Verklaart niet bewezen hetgeen verdachte onder A en B is ten laste gelegd en spreekt verdachte daarvan vrij.
Verklaart het onder C ten laste gelegde bewezen, te kwalificeren en strafbaar zoals voormeld en verdachte daarvoor strafbaar.
Verklaart niet bewezen hetgeen aan verdachte meer of anders is ten laste gelegd dan het bewezen verklaarde en spreekt verdachte daarvan vrij.
Veroordeelt verdachte tot:

een werkstraf voor de duur van 60 uren.

Beveelt dat voor het geval de veroordeelde de werkstraf niet naar behoren verricht, vervangende jeugddetentie voor de duur van 30 dagen zal worden toegepast.
Beveelt dat de tijd door de veroordeelde vóór de tenuitvoerlegging van deze uitspraak in verzekering en/of voorlopige hechtenis doorgebracht, bij de uitvoering van de opgelegde werkstraf geheel in mindering zal worden gebracht naar de maatstaf van 2 uren per dag inverzekeringstelling/voorlopige hechtenis.
Heft op het geschorste bevel tot voorlopige hechtenis.
Wijst de vordering van de benadeelde partij
[slachtoffer 3]toe tot na te melden bedrag en veroordeelt verdachte mitsdien tot betaling aan deze benadeelde partij van een bedrag van
€ 362,51(zegge: driehonderdtweeënzestig euro en eenenvijftig cent), te vermeerderen met de wettelijke rente vanaf 1 juli 2017.
Bepaalt dat de benadeelde partij [slachtoffer 3] voor het overige in haar vordering niet- ontvankelijk is en dat dit deel van de vordering slechts bij de burgerlijke rechter kan worden aangebracht.
Veroordeelt verdachte in de kosten van het geding door de benadeelde partij gemaakt en ten behoeve van de tenuitvoerlegging van deze uitspraak alsnog te maken, tot heden begroot op nihil.
Legt aan verdachte de verplichting op aan de staat, ten behoeve van het slachtoffer [slachtoffer 3] te betalen een bedrag van
€ 362,51(zegge: driehonderdtweeënzestig euro en eenenvijftig cent), te vermeerderen met de wettelijke rente vanaf 1 juli 2017. Dit bedrag bestaat uit € 162,51 aan materiële schade en € 200,00 aan immateriële schade.

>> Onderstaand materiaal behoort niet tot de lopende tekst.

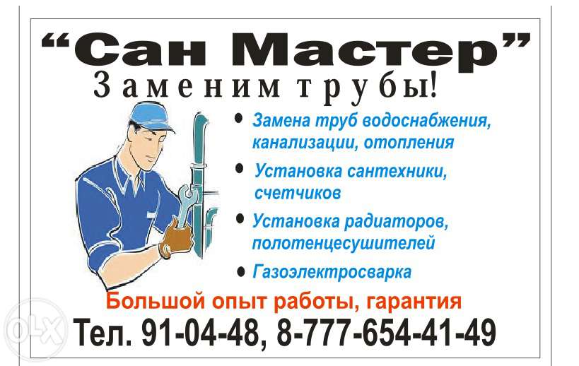 ИП "Санмастер". Срочная сантехническая помощь в Усть-Каменогорске! | Сантехнические услуги широкого спектра. Работаем более 16 лет. Рассрочка без %! Низкие цены! |

Bepaalt daarbij dat indien verdachte heeft voldaan aan de verplichting tot betaling aan de staat ten behoeve van het slachtoffer [slachtoffer 3] daarmee de verplichting van verdachte om aan de benadeelde partij dit bedrag te betalen komt te vervallen en omgekeerd, dat indien verdachte aan de benadeelde partij het opgelegde bedrag heeft betaald, daarmee de verplichting tot betaling aan de staat van dit bedrag komt te vervallen.
Dit vonnis is gewezen door mr. J.V. Nolta, voorzitter, tevens kinderrechter, mr. F.J. Agema en mr. L.W. Janssen, rechters, bijgestaan door mr. C.A.C. Thiadens, griffier, en uitgesproken ter openbare terechtzitting van deze rechtbank op 14 december 2018.